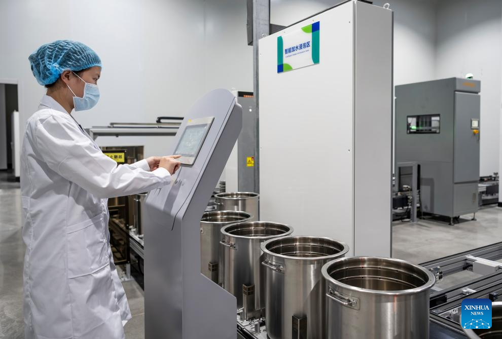 A staff member operates at the digitized factory for traditional Chinese medicine decoction under a pharmaceutical company in Quanzhou, southeast China's Fujian Province, July 24, 2025. Riding on digital transformation as a driving force, Quanzhou City managed to enhance the quality and efficiency of its industrial economy in recent years. This has laid a sustainable ground for the upgrading of the traditional sectors, and accelerated the shift from simple manufacturing to smart creation. (Xinhua/Wei Peiquan)
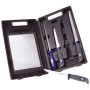 This great kit comes complete with three knives and a sharpening steel. Each of the knives has a super-comfortable bi-moulded soft grip and "Razor" sharp stainless blade. The blade of the 5" knife is double sided with a scaler on one side and a sharp toothed blade purpose designed to make short work of bones. The 6" and 8" fillet knives have narrow blades with sufficient spring in them to ensure the finest slices of sushi or smoked fish.
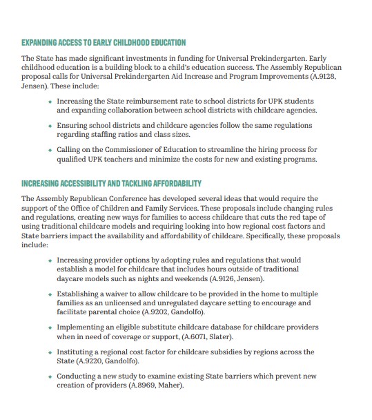 - The Assembly GOP conference has released a comprehensive plan to help parents obtain affordable child care.
++++++++++
Return the whole listing word for word. Pictures stay out of it.

## Answer to this exercise
 A staff member operates at the digitized factory for traditional Chinese medicine decoction under a pharmaceutical company in Quanzhou, southeast China's Fujian Province, July 24, 2025. Riding on digital transformation as a driving force, Quanzhou City managed to enhance the quality and efficiency of its industrial economy in recent years. This has laid a sustainable ground for the upgrading of the traditional sectors, and accelerated the shift from simple manufacturing to smart creation. (Xinhua/Wei Peiquan)
 This great kit comes complete with three knives and a sharpening steel. Each of the knives has a super-comfortable bi-moulded soft grip and "Razor" sharp stainless blade. The blade of the 5" knife is double sided with a scaler on one side and a sharp toothed blade purpose designed to make short work of bones. The 6" and 8" fillet knives have narrow blades with sufficient spring in them to ensure the finest slices of sushi or smoked fish.
 - The Assembly GOP conference has released a comprehensive plan to help parents obtain affordable child care.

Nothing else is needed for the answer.